◆ What this task involves ◆
From the line holding "กระเป๋าคาดเอวแฟชั่นสไตล์สปอร์ตสำหรับผู้ชาย ผ้าอ็อกซ์ฟอร์ด กันน้ำ" through the line holding "Skulls Coconut Tree" below, write out every line exactly; include both of those lines and drop the pictures.

◆ Exercise input ◆

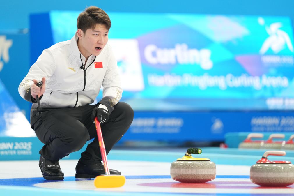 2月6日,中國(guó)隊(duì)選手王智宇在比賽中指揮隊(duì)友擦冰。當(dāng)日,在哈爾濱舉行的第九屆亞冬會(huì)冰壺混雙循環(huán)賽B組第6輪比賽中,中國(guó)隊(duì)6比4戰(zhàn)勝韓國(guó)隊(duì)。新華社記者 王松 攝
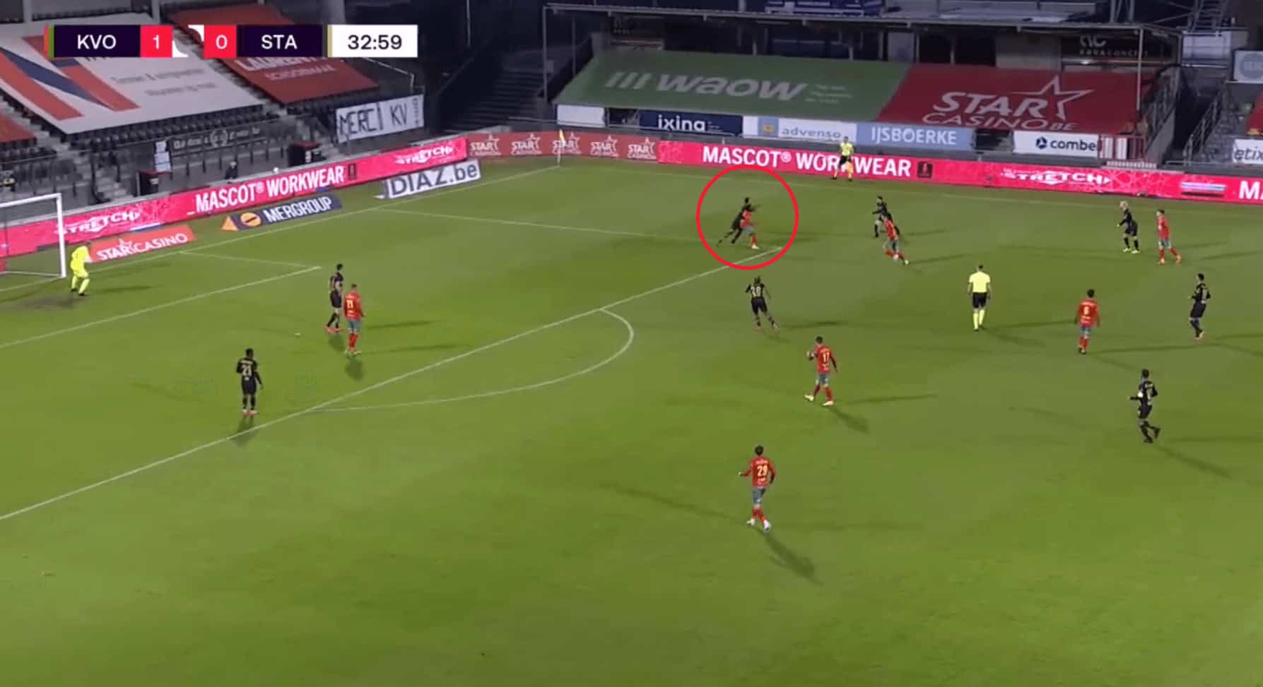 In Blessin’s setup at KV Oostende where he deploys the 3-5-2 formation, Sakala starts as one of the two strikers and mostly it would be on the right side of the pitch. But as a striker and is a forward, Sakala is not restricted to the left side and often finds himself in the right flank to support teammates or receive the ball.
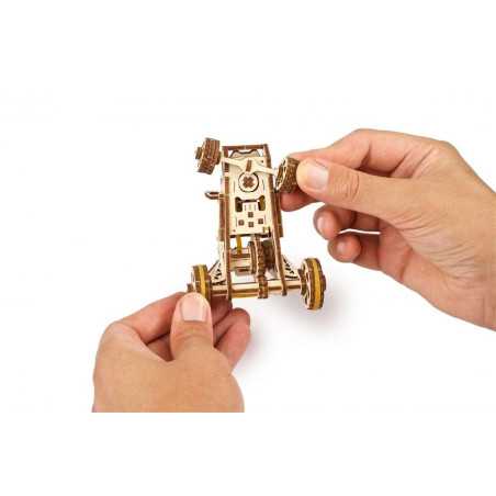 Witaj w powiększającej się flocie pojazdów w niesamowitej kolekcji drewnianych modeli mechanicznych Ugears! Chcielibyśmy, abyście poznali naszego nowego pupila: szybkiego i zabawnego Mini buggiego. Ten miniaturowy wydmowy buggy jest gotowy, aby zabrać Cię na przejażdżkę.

* * *

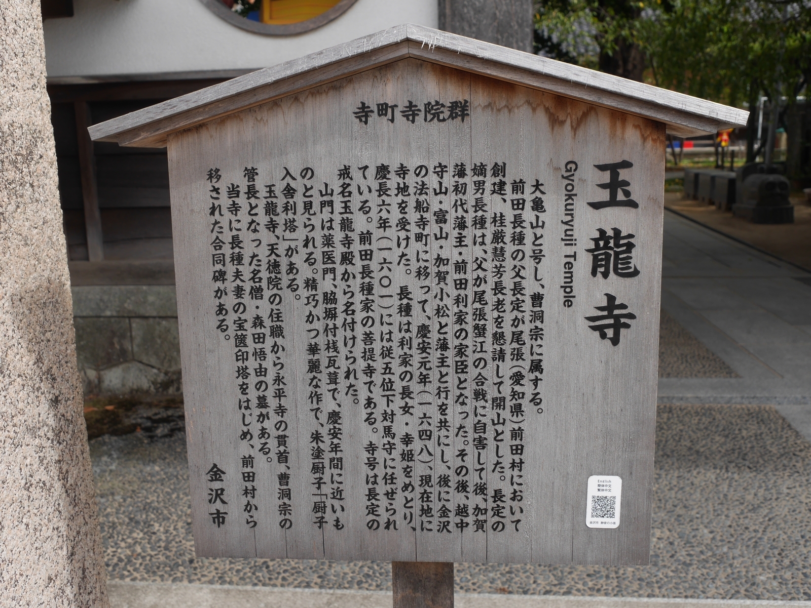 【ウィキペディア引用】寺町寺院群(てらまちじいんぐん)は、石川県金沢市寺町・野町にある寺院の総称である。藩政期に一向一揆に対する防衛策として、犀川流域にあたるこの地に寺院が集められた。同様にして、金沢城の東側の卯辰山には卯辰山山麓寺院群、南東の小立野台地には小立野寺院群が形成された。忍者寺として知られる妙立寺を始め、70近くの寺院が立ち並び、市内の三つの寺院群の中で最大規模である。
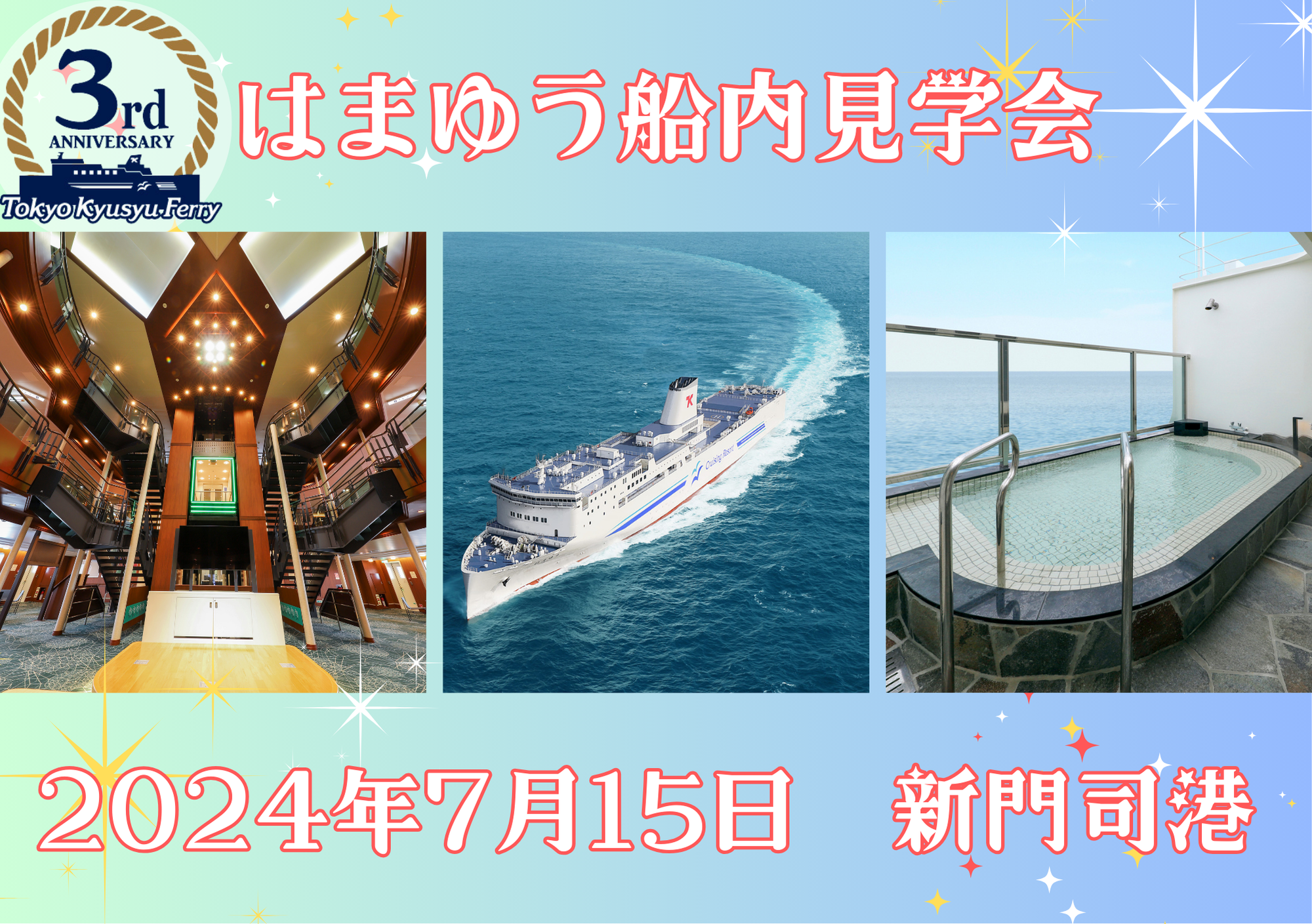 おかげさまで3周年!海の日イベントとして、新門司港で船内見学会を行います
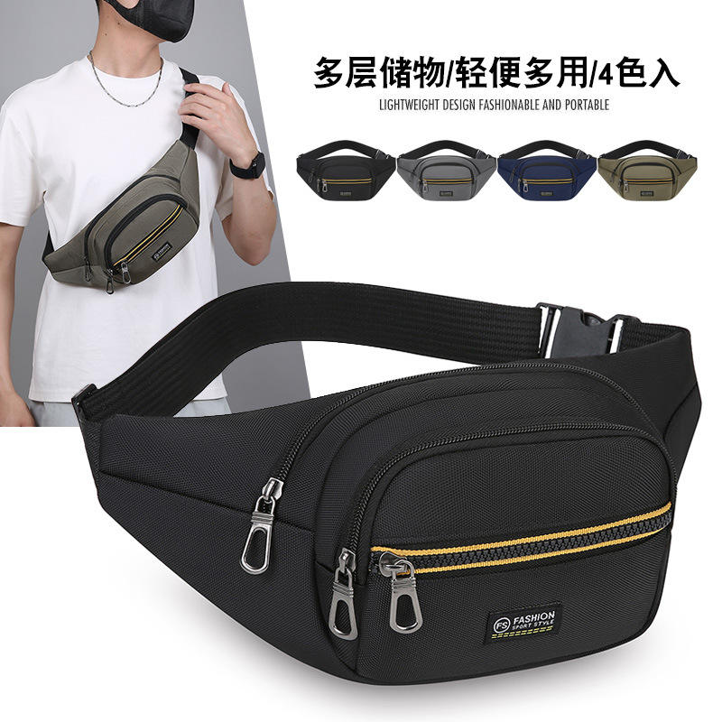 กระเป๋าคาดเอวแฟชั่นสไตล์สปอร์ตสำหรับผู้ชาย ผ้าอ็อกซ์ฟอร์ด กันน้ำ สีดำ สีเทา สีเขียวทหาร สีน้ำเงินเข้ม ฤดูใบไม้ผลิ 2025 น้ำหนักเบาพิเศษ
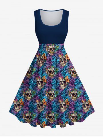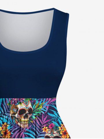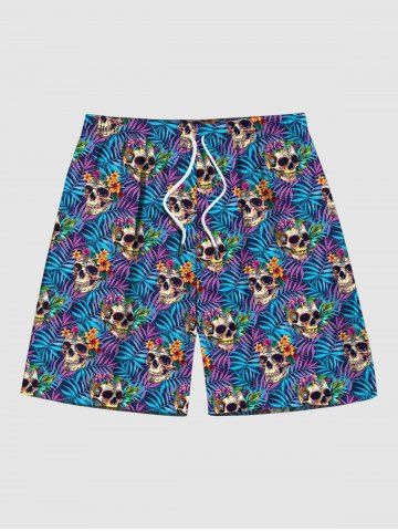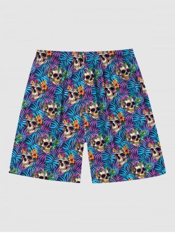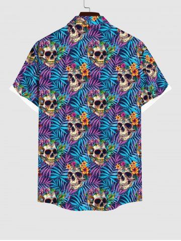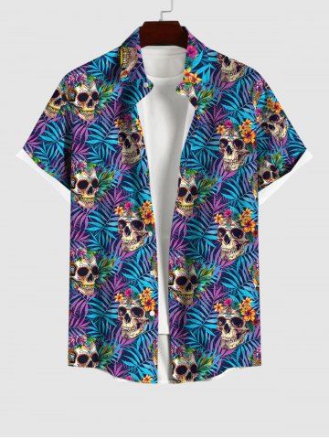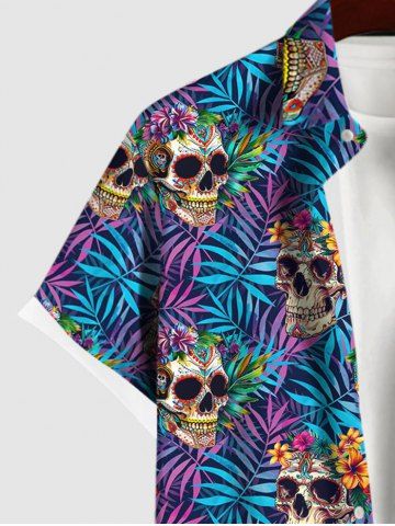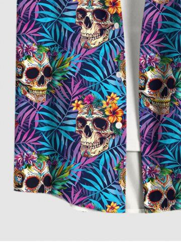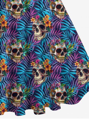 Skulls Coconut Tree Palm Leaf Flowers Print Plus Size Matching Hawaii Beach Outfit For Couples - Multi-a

◆ Solution for this task ◆
 กระเป๋าคาดเอวแฟชั่นสไตล์สปอร์ตสำหรับผู้ชาย ผ้าอ็อกซ์ฟอร์ด กันน้ำ สีดำ สีเทา สีเขียวทหาร สีน้ำเงินเข้ม ฤดูใบไม้ผลิ 2025 น้ำหนักเบาพิเศษ
 Skulls Coconut Tree Palm Leaf Flowers Print Plus Size Matching Hawaii Beach Outfit For Couples - Multi-a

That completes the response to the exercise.